O Sr. pode procurar por atualizações no Mercado Livre.

Ah, ok. Vou ter que desembolsar mais dinheiro para um terceiro por causa do aparelho que acabei de comprar, e o pior, ainda estou pagando, por causa da atitude do fabricante em me entrar uma solução problemática. Vejam bem, estou falando da solução que um aparelho desses é. No PortalGPS o pessoal argumentou que é um hardware bom, etc. Pode até ser um hardware bom, mas a solução completa, o conjunto de hardware + software + conforto do cliente não presta, é uma porcaria. Enfim, fui de curioso no Mercado Livre ver quando custava uma solução para fazer a atualização, vai que era uns 20 contos e ... R$ 130,00. Mais do que a parcela do aparelho, zerinho, que ainda estou pagando.

Tentei entrar em contato com o Submarino relatando o acontecido, que eles estão vendendo um produto falho, que não atende as necessidades para que foi projetado, e que o fabricante está se lixando para isso. A resposta que tive foi:

Conforme política de trocas veiculada no Site, o prazo para solicitação em caso de defeito é de 07 dias a contar da data de entrega do produto.
Analisamos seu cadastro e constatamos que o pedido foi entregue em 10/09/09 e sua reclamação foi feita em 4/12/2009 , desta forma, expirou-se o prazo.
Diante deste contexto, solicitamos que entre em contato diretamente com a Assistência Técnica autorizada, utilizando-se do prazo de garantia.

Como se eu fosse rodar o estado, ou quem sabe, o país inteiro em 7 dias para testar o aparelho! Eu já havia dito que havia contatado o fabricante, que me mandou chupar prego, e mesmo assim obtive essa resposta. Engraçado que, das 39 avaliações dos clientes (até no momento que escrevo isso), apenas 2 estão visíveis na página do produto no Submarino. Inclusive uma minha, cujo teor da para ter idéia nesse post, não está visível. E olha que fui até comportado.

Liguei novamente para o fabricante, e relatei o quanto custava a atualização por um terceiro, reforçando novamente que o aparelho deles é falho e que a solução vendida não funciona, e enquanto eu dizia para a moça que ia reclamar nos lugares competentes, ela simplesmente desligou na minha cara! Ê, respeito com o consumidor! Mandei outro email para a V7 relatando tudo isso, que a atualização é cara, que o aparelho é falho, que não tenho mais confiança em utilizá-lo, que gastei tempo e combustível por causa dele, que ia reclamar sobre isso. A resposta foi:

Informamos que no momento não há atualização disponível e não temos previsão de comercialização.
Agradecemos o contato, tenha uma boa noite!

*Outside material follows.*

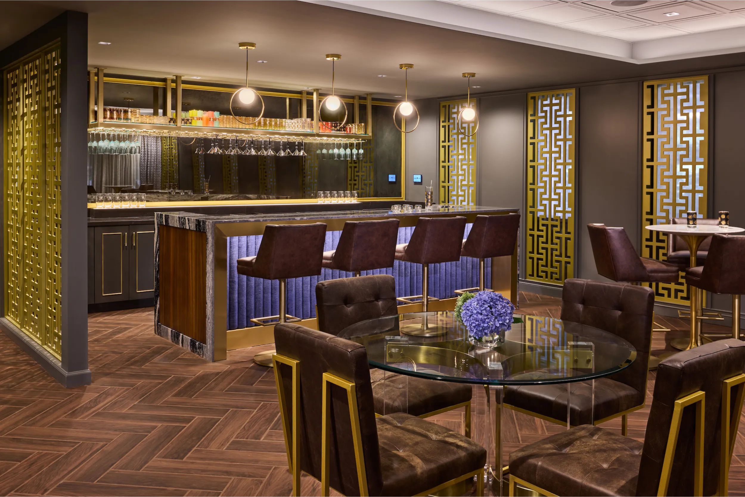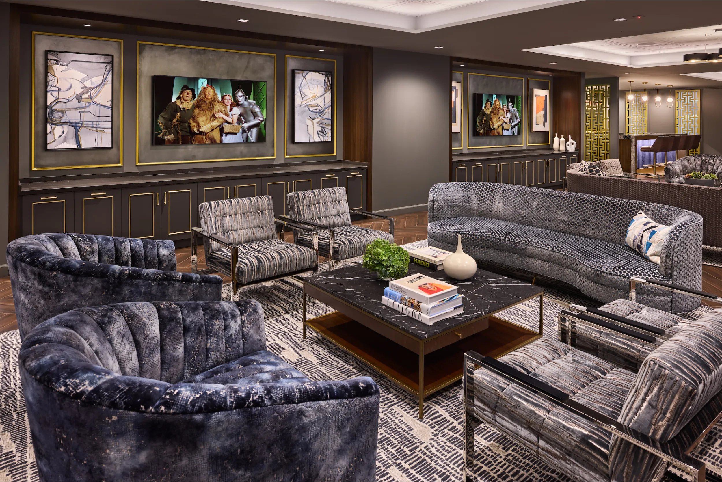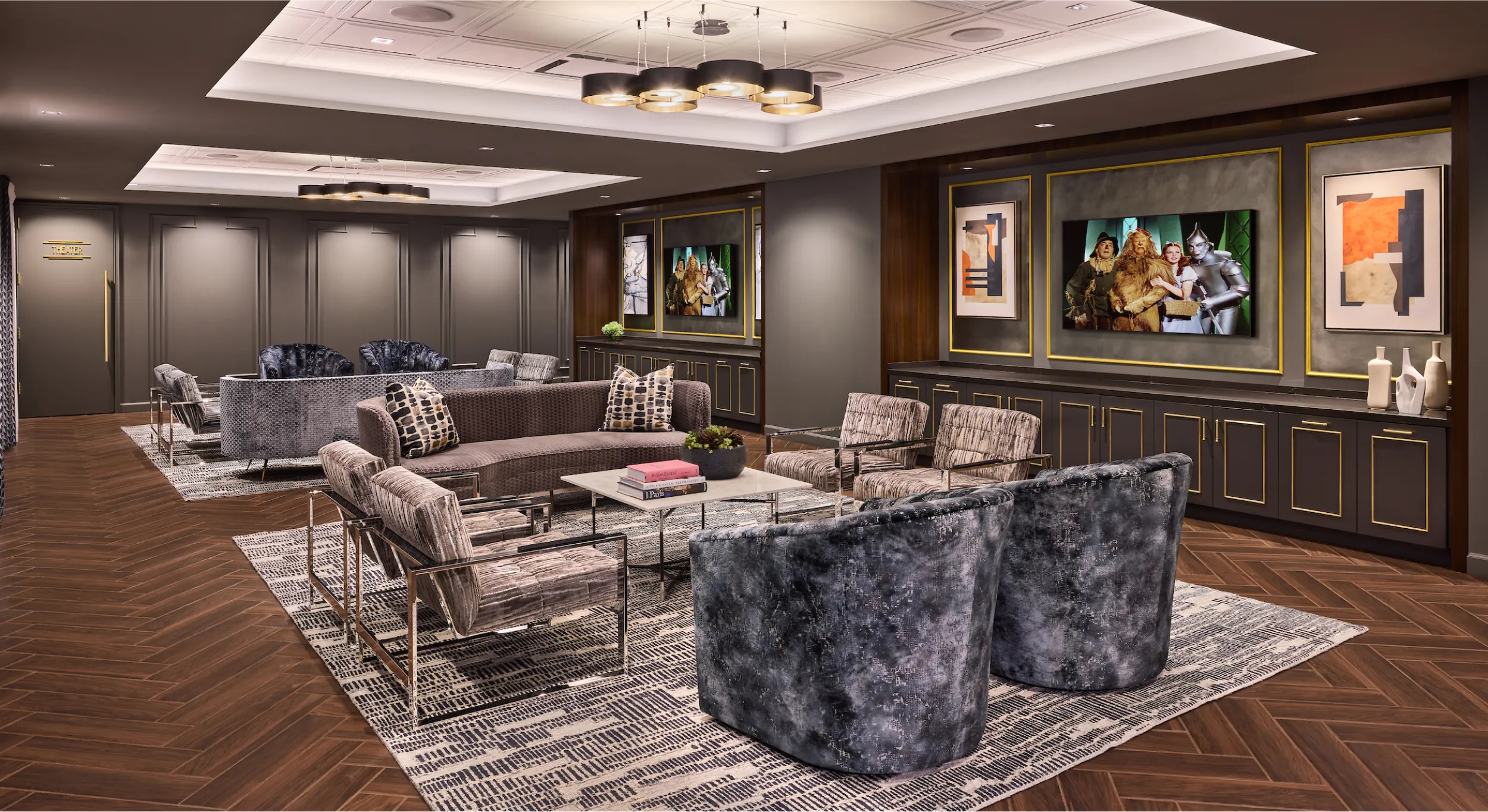 The design features a comfortable, residential-style reception area, an efficient breakroom, and specialized rooms for post-production and video creation. Unique elements like a screening room, lounge, bar, and pre-function spaces evoke Old Hollywood charm, with dark finishes and gold accents throughout. Additional amenities include a catering kitchen, a "Speakeasy" themed meeting room, and supplementary restrooms to support large hosted events, blending functionality with a glamorous, cinematic atmosphere.

Traduzindo: Você que se dane, vai catar coquinho na descida, quem mandou ser trouxa de comprar de nós?. Triste. E revoltante.
Andei dando uma pesquisada por aí, e pelo que fiquei sabendo depois desse rolo todo, boa parte dos GPS vendidos por aí estão nesse esquema: desatualizados, perdidos, e alguns com fabricantes nesse esquema aí de estarem pouco se lixando com os consumidores. As opções de transformar esse peso de papel com LCD agora em algo que preste são três:

  1. Encontrar e instalar uma versão atualizada dos softwares de navegação (se é "alternativa" ou não, ainda não consegui descobrir). Isso dá pra gente dar uma procurada e achar. Mas aí caí na questão de saber se podemos fazer isso. Ainda não tive resposta de quem perguntei sobre as licenças dos programas que são indicados em vários fóruns
  2. Comprar a atualização do terceiro, pagando quase metade do valor do aparelho novo. É para o tipo de usuário que não faz a miníma idéia de como fazer isso, onde vai ter que comprar a atualização (que pode muito bem se enquadrar nos quesitos de licenças da primeira opção) pagando quase metade do valor do aparelho.
  3. Ir no Procon e registrar uma queixa.

Independente de qual solução vou adotar, fica aqui o registro:

Agora é pensar em qual das opções acima que vou escolher. Que bomba.